Supplied entries.
========================

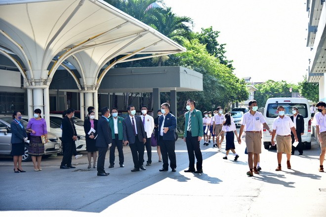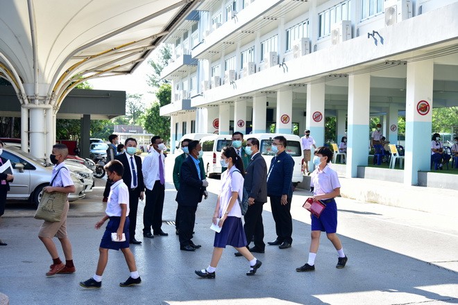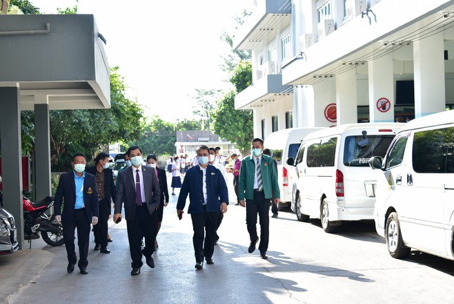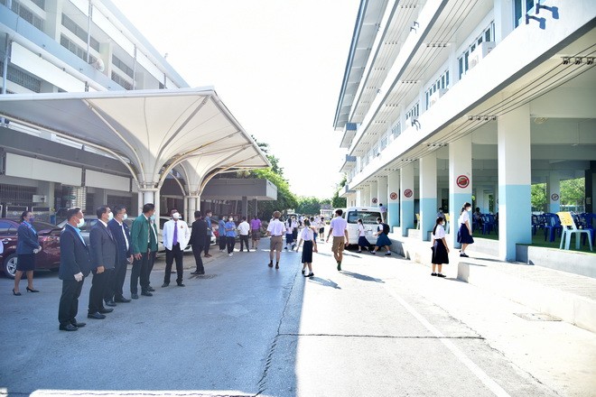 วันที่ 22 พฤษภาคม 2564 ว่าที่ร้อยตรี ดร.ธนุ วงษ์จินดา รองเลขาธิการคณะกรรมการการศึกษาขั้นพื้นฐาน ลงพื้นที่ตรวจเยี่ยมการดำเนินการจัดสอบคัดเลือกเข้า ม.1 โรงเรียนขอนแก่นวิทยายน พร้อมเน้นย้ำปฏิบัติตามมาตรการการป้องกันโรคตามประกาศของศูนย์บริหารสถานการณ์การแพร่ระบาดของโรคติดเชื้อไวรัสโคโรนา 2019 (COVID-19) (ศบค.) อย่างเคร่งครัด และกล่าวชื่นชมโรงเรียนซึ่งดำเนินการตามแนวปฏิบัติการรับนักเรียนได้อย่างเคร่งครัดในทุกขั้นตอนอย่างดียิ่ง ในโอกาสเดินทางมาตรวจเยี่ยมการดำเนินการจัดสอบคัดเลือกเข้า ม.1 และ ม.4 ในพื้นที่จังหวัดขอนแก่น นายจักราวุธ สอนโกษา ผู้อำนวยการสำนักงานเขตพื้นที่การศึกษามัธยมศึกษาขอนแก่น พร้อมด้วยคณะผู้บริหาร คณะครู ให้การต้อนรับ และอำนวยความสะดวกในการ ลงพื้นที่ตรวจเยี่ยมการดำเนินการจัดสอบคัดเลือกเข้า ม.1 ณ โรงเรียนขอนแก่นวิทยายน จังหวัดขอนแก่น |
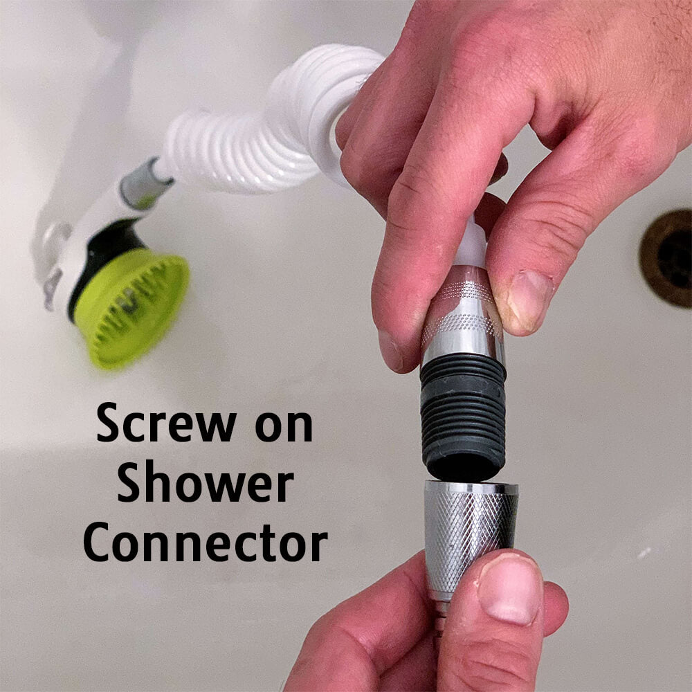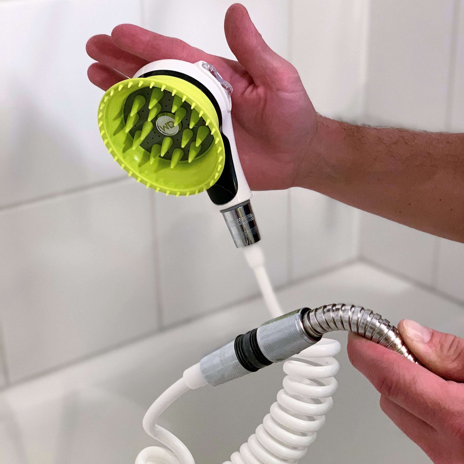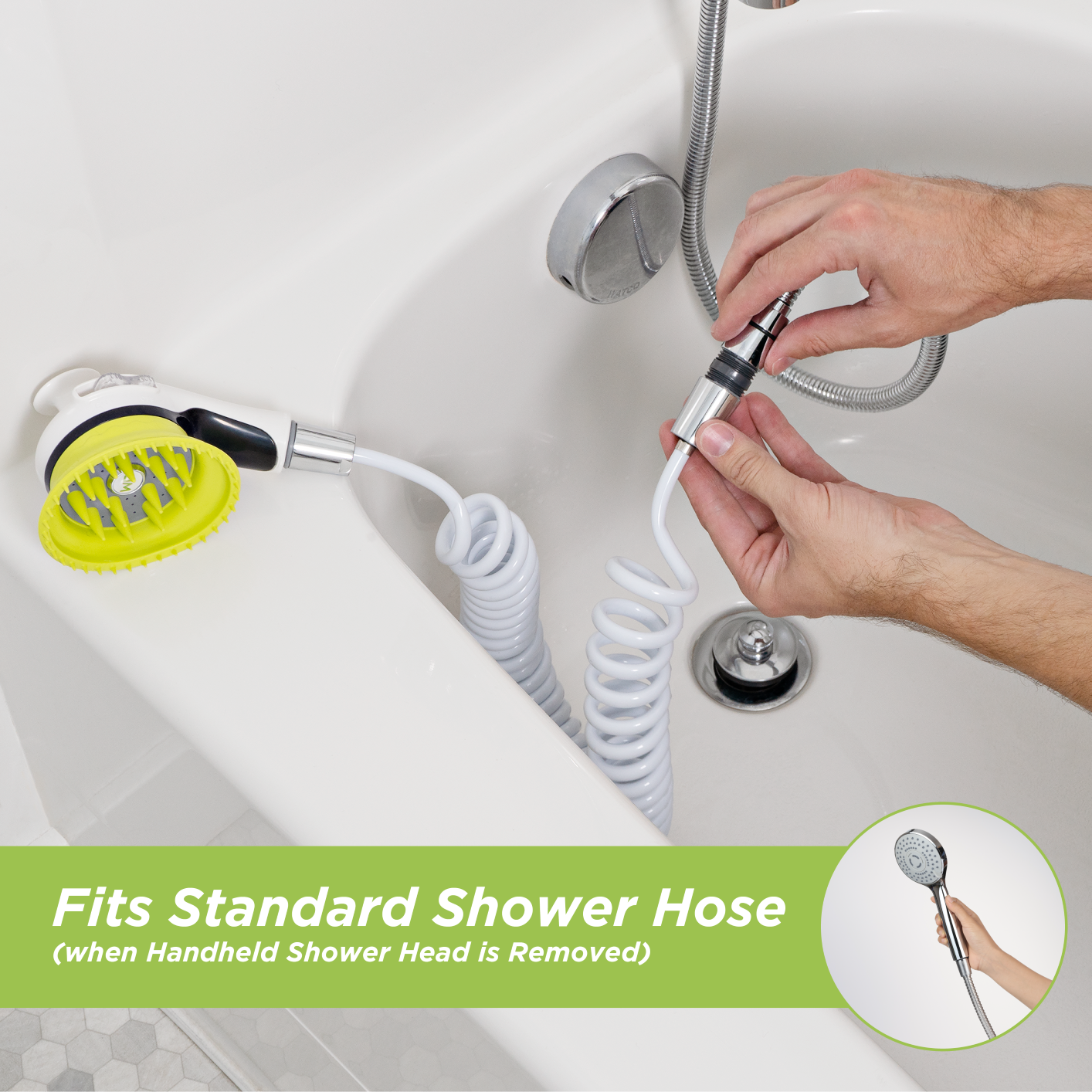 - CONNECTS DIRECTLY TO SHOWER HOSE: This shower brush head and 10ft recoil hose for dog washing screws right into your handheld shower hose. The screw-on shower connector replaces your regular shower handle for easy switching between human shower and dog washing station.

========================

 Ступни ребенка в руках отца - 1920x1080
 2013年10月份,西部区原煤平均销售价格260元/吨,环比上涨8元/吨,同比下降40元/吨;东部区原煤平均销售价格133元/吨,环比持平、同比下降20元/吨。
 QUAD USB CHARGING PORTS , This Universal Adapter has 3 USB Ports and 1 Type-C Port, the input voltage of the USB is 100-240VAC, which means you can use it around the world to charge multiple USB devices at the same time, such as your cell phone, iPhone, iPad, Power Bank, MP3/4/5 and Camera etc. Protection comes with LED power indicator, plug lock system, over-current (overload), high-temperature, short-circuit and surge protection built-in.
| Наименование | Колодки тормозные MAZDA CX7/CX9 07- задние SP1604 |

========================

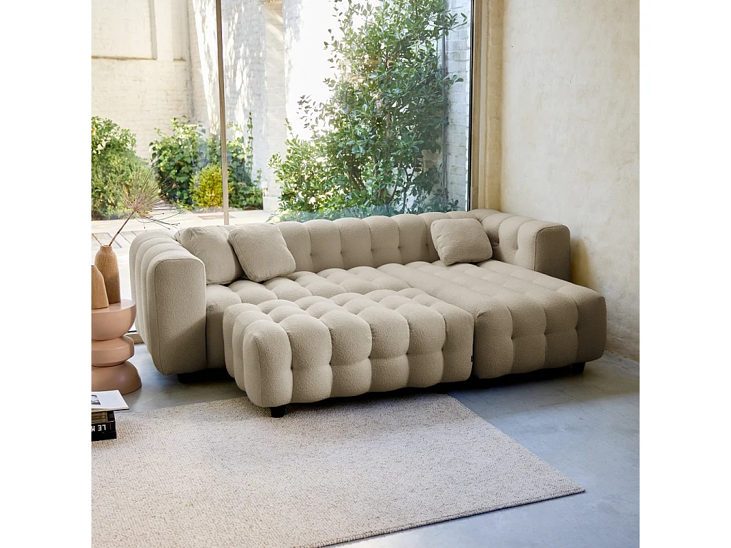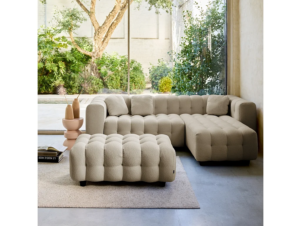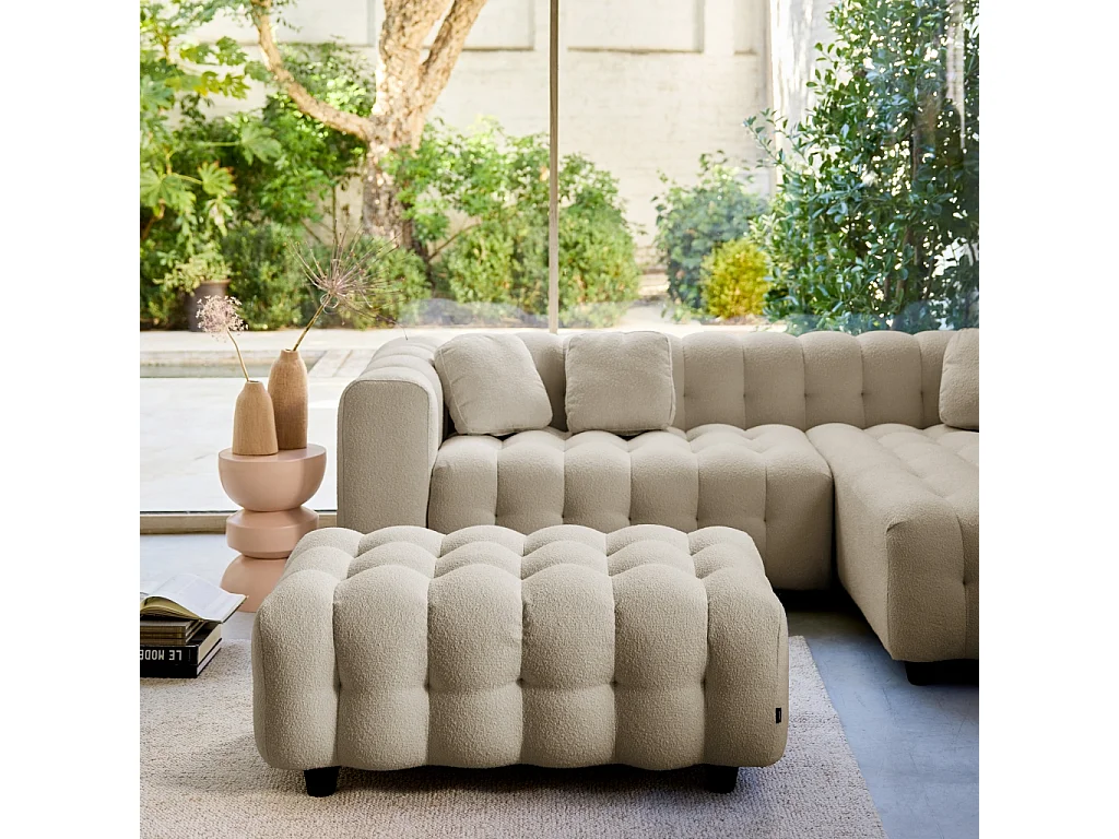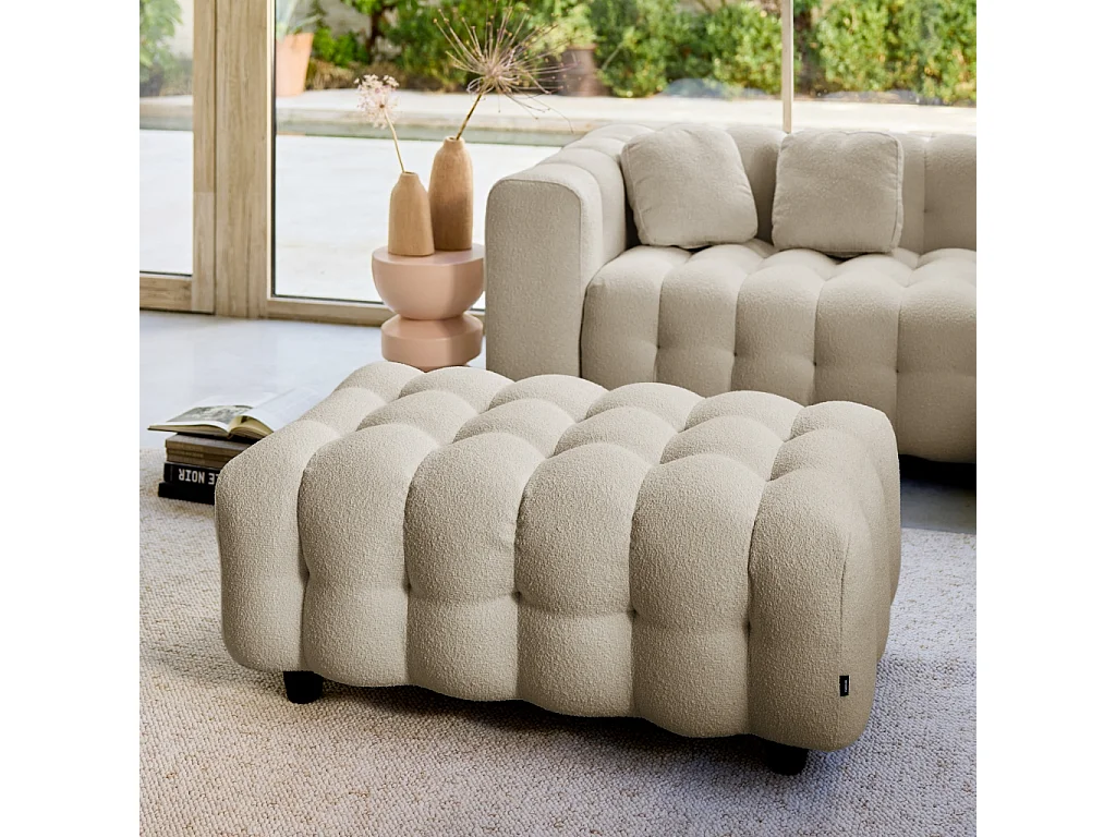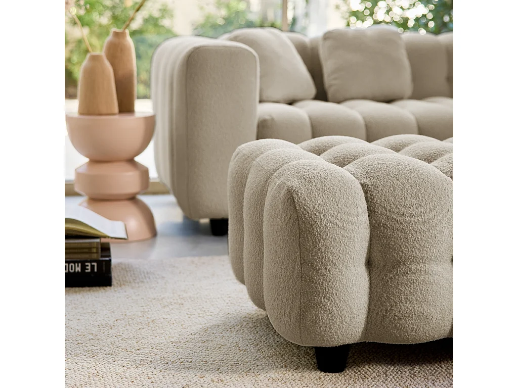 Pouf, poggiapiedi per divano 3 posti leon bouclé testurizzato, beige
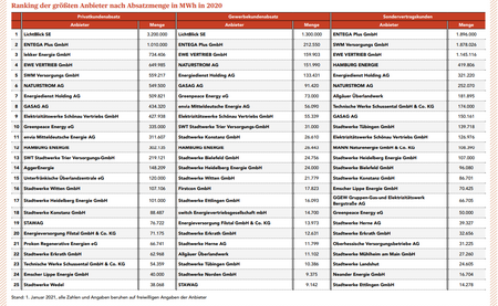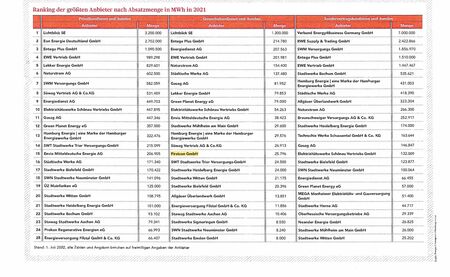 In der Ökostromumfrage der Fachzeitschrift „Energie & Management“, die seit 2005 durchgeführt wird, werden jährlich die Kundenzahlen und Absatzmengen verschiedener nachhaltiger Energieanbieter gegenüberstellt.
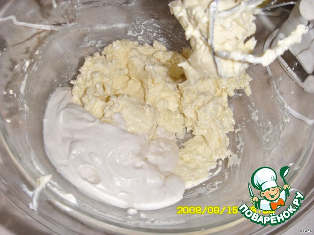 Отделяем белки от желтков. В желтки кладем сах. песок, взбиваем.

========================

What the task requires.
Copy the stretch of the records above that runs from the line with "2013年10月份,西部区原" through the line with "задние SP1604 |". Both end lines belong in the copy, and nothing else does.

Task result.
 2013年10月份,西部区原煤平均销售价格260元/吨,环比上涨8元/吨,同比下降40元/吨;东部区原煤平均销售价格133元/吨,环比持平、同比下降20元/吨。
 QUAD USB CHARGING PORTS , This Universal Adapter has 3 USB Ports and 1 Type-C Port, the input voltage of the USB is 100-240VAC, which means you can use it around the world to charge multiple USB devices at the same time, such as your cell phone, iPhone, iPad, Power Bank, MP3/4/5 and Camera etc. Protection comes with LED power indicator, plug lock system, over-current (overload), high-temperature, short-circuit and surge protection built-in.
| Наименование | Колодки тормозные MAZDA CX7/CX9 07- задние SP1604 |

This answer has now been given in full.